Asian grain houses without physical assets in North America lost another potential partner in deals to feed China earlier this month when CHS Inc, the biggest farm cooperative in the United States, launched a joint venture with Japanese cooperative Zen-Noh.

The transactions have reignited talk that privately held Louis Dreyfus may be the next company to strike a deal or be sold, traders said.


Marubeni’s purchase of Gavilon squeezes its Asian rivals because Gavilon controls the third-largest network of grain elevators and infrastructure in the United States and is expected to funnel much of its grain to its new owner.

Traditional grain companies known as the ABCDs--Archer Daniels Midland, Bunge, Cargill and Louis Dreyfus--still face an increased threat, however, as the deal marries Marubeni’s powerful global trading desk with a new ability to source corn and soybeans from the Midwest, where the heart of Gavilon’s storage network lies.

In the United States, the Japanese trading house had formerly focused on shipping wheat out of a Portland, Oregon, export elevator owned by subsidiary Columbia Grain.

Marubeni and Gavilon exported a combined 9.4 million metric tons (10.362 million tons) of corn, soybeans and wheat in 2011, of which only about 1.2 million metric tons was from Gavilon, according to Bill of Lading data aggregated by from PIERS. By comparison, ADM exported 13.2 million metric tons and Cargill exported some 15 million metric tons, according to a Reuters analysis of the data.

    “You’ve got a company, Marubeni, that’s got excellent access into the Asian demand side, including China, and you’ve got the origination capacity of Gavilon,” said Gary Blumenthal, president and CEO of World Perspectives Inc. “You put the two together and it makes the system work more efficiently.”

    Gavilon has previously exported grain by loading it at elevators owned by other companies like ADM and Cargill, depending on who offered the best pricing, traders said.

    U.S. cash grain traders said they did not expect the sale to affect their operations much as the market will dictate whether Marubeni sells grain from its newly acquired elevators on the open market or exports the grain itself.
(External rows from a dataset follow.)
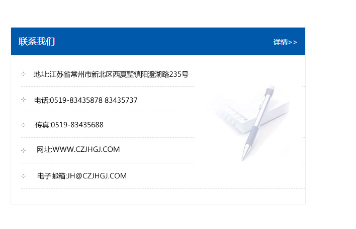 傳真:0519-83435688    郵編:213135    網址:WWW.czjhgj_com.ahkl168.com    電子郵箱:JH@czjhgj_com.ahkl168.com
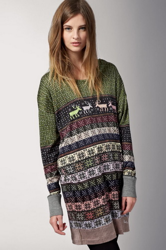Зимова сукня-светр відмінно поєднується з щільними темними колготками або лосинами, а також яскравими аксесуарами: шарфиками, намистом, браслетами і поясами. Забарвлення сукні може бути однотонним, мати мудрий візерунок або цікаву в’язку, геометричний малюнок і т.д.
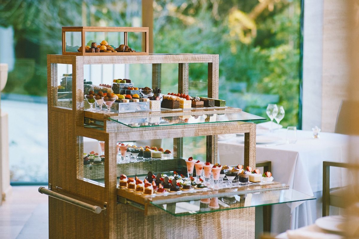 「フランス料理 ヌーヴェル・エポック」では、デザートワゴンを楽しめる平日限定のランチコースを提供。通常のデザートの代わりに、パティシエ特製のデザートワゴンを席まで持ってきてくれます。産地限定のシングルオリジンのチョコレートやリキュールなどのお酒を用いた大人のボンボンが用意されるので、この時期しか味わえないデザートを心ゆくまで堪能してみて。
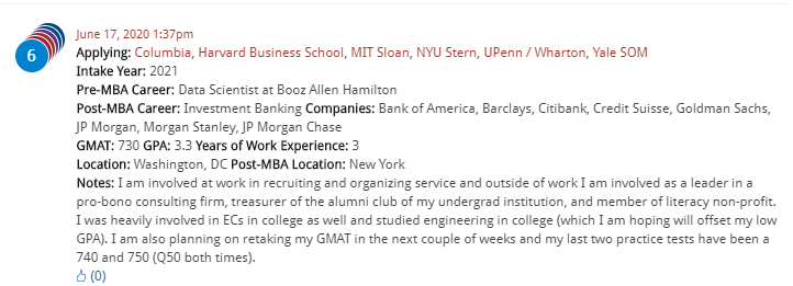 Another MBA applicant is targeting an investment banking career:

    Still, the ability to promise and deliver vast quantities of grain in a single deal will be a selling point for China, which tends to book massive purchases when prices are favorable.

    “The focus of all firms today is: how do we maintain our supplies in a potential supply-shortage world?” said Ray Goldberg, Harvard Business School professor emeritus of agriculture and business.

    Gavilon and ADM declined to comment. Cargill and Bunge did not respond to a request for comment.


    Marubeni remains a few pieces short of the status of an ADM or a Cargill, two companies that own assets throughout the grain supply chain, from storage to shipping to processing.

    Aside from a seasonal export terminal on the Great Lakes and a joint venture share of an export terminal in Washington, Gavilon’s assets are primarily domestic market assets so Marubeni will still need to rely on making “paper” trades and rely on other grain companies to load ocean-going vessels.

    Gavilon struck a deal with ADM and a unit of Japanese trader Mitsubishi Corp in 1998 to form Kalama Export Company, a grain handling facility in Washington state.

    “They all want multiple locations, multiple sources of supply so that they have the ability to adjust to the supply requirements of their customers,” Goldberg said.